Also our mouths fell open when people had waited in excess of 2 hours for dinner and were told very abruptly that it is time to go!
And that poor mother…OMG my husband and I were taking bets on how long it would take her to have a full blown panic attack…we thought she was going to fall out in line when critiquing the plates…LOL
What a hoot for reality TV….can’t wait until next week…
And BTW what the heck kind of name is Dewberry anyway?????


----------



## markv (May 16, 2003)

I've professed my distaste here before for "reality" cooking shows. They're phony, staged productions designed to make money, not promote the culinary arts. They cheapen our respectful profession.

And speaking of demarcating the profession, Gordon Ramsey certainly gets some egg on all of our faces.

He is an arrogant, abusive chataracter disorder who treats people unprofessionally. He is allowed to get away with it because of his culinary talent. But in my mind, a true professional would also embody maturity, emotional stability, interpersonal skills, and be able to motivate, guide, and direct others without acting like an angry 16 year old in a boy's locker room. 
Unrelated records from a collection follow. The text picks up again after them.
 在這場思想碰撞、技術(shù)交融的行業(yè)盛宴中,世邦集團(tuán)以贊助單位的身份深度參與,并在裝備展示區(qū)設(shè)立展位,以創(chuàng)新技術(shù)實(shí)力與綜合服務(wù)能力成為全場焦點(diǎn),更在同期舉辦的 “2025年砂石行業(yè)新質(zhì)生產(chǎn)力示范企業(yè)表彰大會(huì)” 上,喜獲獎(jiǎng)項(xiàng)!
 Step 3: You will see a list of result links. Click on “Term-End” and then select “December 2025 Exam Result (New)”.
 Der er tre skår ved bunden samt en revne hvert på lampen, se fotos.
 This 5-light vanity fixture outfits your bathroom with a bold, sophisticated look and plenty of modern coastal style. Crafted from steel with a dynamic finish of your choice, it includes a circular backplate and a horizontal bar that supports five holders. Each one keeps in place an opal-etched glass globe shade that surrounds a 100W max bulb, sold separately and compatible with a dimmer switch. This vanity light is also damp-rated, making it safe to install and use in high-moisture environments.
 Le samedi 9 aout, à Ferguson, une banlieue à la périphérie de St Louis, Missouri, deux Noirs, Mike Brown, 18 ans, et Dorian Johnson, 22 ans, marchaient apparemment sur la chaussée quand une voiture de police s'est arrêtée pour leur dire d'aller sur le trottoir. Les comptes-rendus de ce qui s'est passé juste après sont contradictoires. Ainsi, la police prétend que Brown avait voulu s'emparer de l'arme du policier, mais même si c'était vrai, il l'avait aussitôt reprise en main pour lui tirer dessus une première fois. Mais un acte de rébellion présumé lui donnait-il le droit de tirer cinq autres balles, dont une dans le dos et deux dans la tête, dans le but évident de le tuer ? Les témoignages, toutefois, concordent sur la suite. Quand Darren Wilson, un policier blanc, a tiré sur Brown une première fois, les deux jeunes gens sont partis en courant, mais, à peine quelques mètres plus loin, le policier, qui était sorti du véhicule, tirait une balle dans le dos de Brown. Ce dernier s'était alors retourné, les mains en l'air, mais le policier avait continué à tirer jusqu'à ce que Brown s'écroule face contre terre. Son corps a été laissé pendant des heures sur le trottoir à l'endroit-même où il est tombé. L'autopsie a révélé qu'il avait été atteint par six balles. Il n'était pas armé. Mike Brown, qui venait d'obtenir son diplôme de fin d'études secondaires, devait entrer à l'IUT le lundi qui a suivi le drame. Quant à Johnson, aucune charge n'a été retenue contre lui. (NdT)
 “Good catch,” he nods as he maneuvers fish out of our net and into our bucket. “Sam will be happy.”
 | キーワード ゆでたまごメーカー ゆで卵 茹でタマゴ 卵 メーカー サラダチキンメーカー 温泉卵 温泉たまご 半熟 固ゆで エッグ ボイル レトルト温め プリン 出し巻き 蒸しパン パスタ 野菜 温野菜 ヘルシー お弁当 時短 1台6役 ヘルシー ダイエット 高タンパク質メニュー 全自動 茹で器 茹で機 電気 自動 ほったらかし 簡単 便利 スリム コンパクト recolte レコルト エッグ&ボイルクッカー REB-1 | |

Chefs are not uncooth thugs or miscreants bringing the street into the kitchen. We are respectable professionals who bring a wide array of talents to the food world.

I'm sorry guys but I think charcters like Ramsey give us a bad name.


----------



## chrose (Nov 20, 2000)

A good point, but the fact is that Ramsey only shows "more" people what many chefs really are like.
So now we have on Reality TV two ends of the spectrum. On one end is the abusive Gordon Ramsey, on the other end is the ineffectual Rocco DiSpirito.
What we need is a Reality show, that shows reality! With real competant people! Problem is.....................boring! Unfortunately. But it would be nice!


----------



## pete (Oct 7, 2001)

I just finished watching 2 hours of ****'s Kitchen. They reran last week before showing the new show. I hate to admit it, but I am hooked!!!! I love it. Yes, I know there is a lot of staged stuff going on. This is "reality" for TV, whice means they stack the deck against the contestants, but I found myself getting sucked into it. And yes, Ramsey is an arrogant, abusive chef. It may not be the PC thing nowaday, but there are still a lot of chefs like him in this industry. I know that many of us have worked under a "Ramsey" once or twice in our time. For me, personally, I got the most out of studying under chefs like Ramsey. There is something to be said to having a chef stand over you, screaming at, pushing you to your utmost limit. At least it worked for me. And the feeling I got when that chef would compliment me, it sent me to cloud nine.


----------



## nicko (Oct 5, 2001)

I really liked how the customers who were waiting for 2 and 1/2 hours for their food ordered a pizza that was funny.


----------



## katbalou (Nov 21, 2001)

shutting off the AC wouldn't have bothered me - i've never had that luxury in any kitchen i've ever worked in. only exhaust fans. and sometimes really crappy ones. nothing like walking into the kitchen on a nice hot, humid summer's day...... no wonder i was so thin then!
as to the show i've got to admit i'm hooked too, if only for the pleasure of watching ramsey tell off the customers.


----------



## pete (Oct 7, 2001)

Wish I had the guts to tell off a few of my customers from time to time!!! But then again, Im not an internationally know celeb. chef.


----------



## phoebe (Jul 3, 2002)

I'm curious about something. Remember the part where Ramsey demos cleaning the squid bodies and prepping them to be stuffed? And the team that cleaned the most squid without making holes "won" a dinner cooked by and eaten with Ramsey while the other team spent the rest of the night cleaning squid? David and I both thought that the winners would get socked with the fact that the "losers" had just been given a chance to practice a skill they'd need later. We figured the next night at the restaurant would be a squid prix fixe menu and the Red team that had won would get slammed.


----------



## kuan (Jun 11, 2001)

Gordon's a jerk. I know a few chefs like that, and I didn't like them. However, I did manage to learn thing or two from them.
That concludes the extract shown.